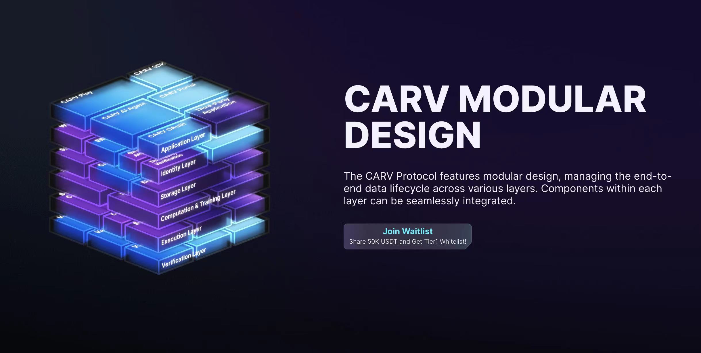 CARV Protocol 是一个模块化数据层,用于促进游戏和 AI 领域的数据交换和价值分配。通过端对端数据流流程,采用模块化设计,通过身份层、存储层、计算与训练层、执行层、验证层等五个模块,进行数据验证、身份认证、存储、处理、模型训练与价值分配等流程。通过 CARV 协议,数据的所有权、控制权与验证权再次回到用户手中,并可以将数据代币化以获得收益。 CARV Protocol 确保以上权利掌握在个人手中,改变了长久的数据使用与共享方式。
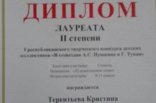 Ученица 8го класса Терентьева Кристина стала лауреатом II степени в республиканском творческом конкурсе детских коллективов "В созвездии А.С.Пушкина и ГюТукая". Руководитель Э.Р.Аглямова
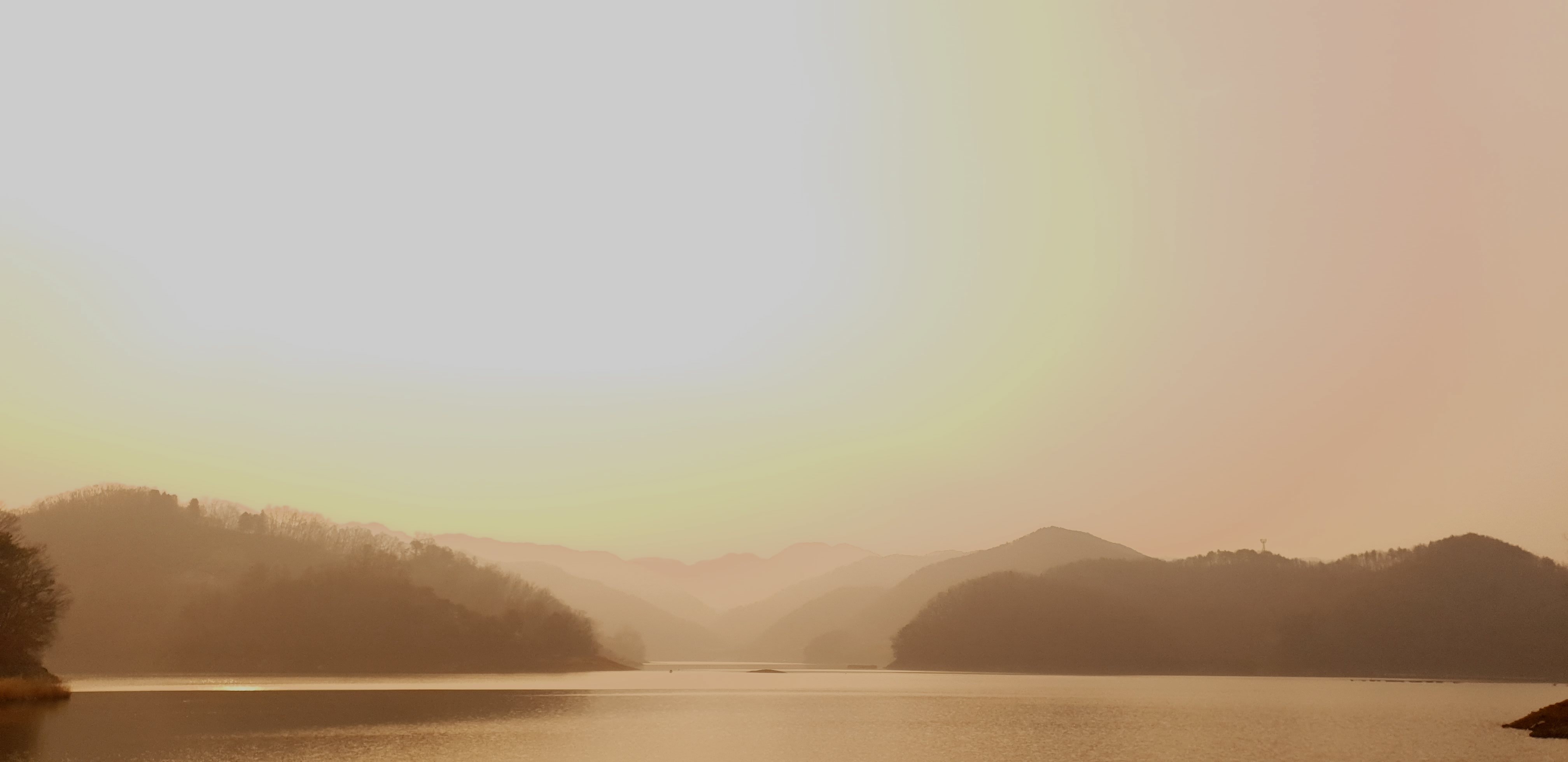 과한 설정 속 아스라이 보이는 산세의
==
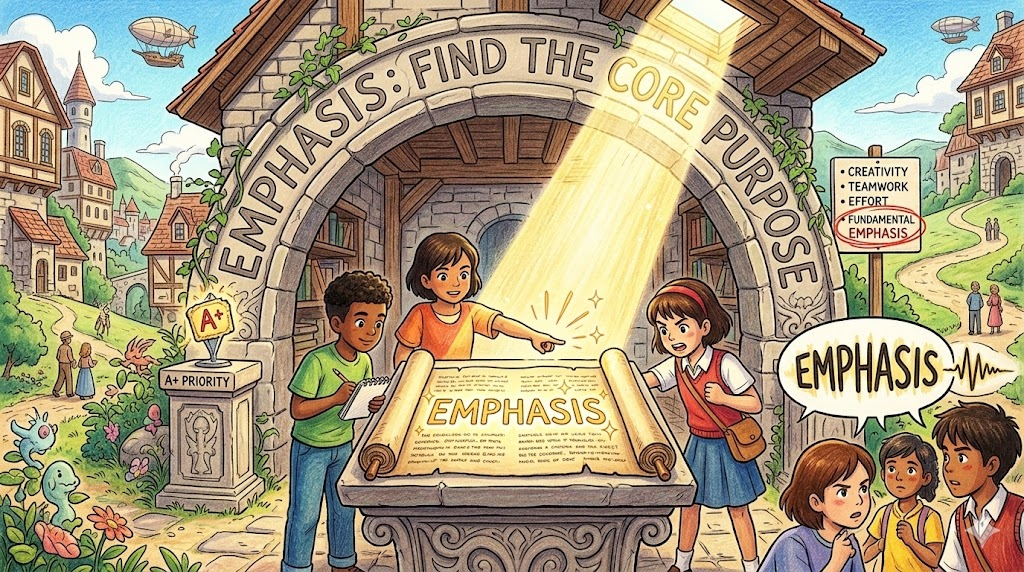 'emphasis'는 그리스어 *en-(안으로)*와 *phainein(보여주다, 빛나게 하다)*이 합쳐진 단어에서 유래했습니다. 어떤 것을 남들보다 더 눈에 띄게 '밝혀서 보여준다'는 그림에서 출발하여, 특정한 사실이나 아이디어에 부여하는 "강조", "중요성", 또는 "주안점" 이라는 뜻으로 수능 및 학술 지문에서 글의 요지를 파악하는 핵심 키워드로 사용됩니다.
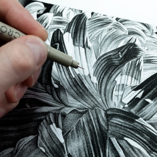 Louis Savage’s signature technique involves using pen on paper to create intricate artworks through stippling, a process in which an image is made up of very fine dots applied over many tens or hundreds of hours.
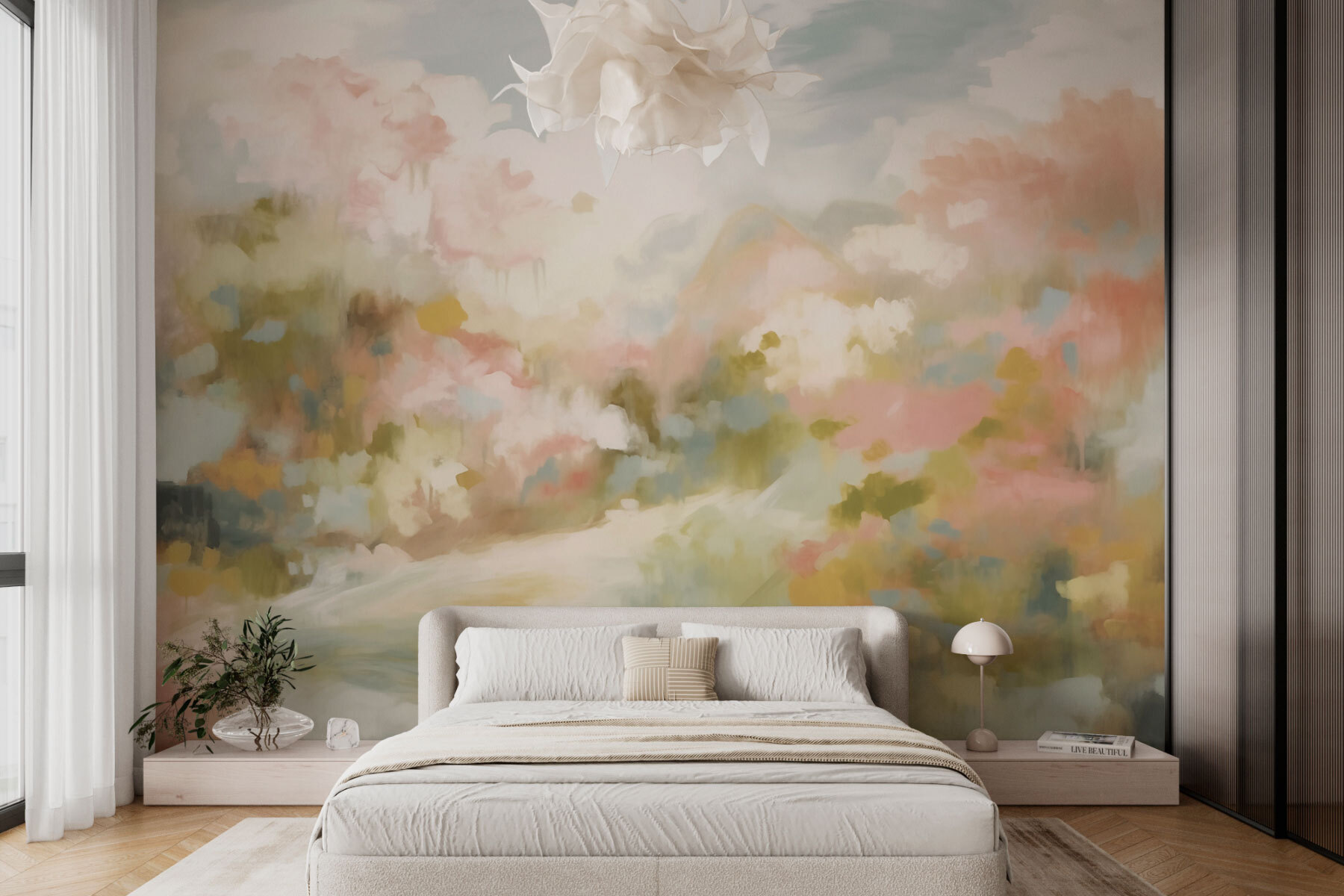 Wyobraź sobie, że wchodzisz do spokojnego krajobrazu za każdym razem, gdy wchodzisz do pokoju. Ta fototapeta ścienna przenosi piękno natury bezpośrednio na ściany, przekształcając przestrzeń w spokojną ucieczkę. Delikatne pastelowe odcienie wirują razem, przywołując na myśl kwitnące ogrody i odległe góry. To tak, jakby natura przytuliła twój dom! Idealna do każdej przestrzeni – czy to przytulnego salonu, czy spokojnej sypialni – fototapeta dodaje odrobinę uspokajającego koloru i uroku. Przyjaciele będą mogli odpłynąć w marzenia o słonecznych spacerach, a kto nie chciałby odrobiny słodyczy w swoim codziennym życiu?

_ASSIGNMENT_. Please set down, exactly and with no pictures, the lines in the entries above starting at the one holding "핵심 키워드로 사용됩니다." and ending at the one holding "Louis Savage’s signature", ends included.

_ANSWER SPACE_.
 'emphasis'는 그리스어 *en-(안으로)*와 *phainein(보여주다, 빛나게 하다)*이 합쳐진 단어에서 유래했습니다. 어떤 것을 남들보다 더 눈에 띄게 '밝혀서 보여준다'는 그림에서 출발하여, 특정한 사실이나 아이디어에 부여하는 "강조", "중요성", 또는 "주안점" 이라는 뜻으로 수능 및 학술 지문에서 글의 요지를 파악하는 핵심 키워드로 사용됩니다.
 Louis Savage’s signature technique involves using pen on paper to create intricate artworks through stippling, a process in which an image is made up of very fine dots applied over many tens or hundreds of hours.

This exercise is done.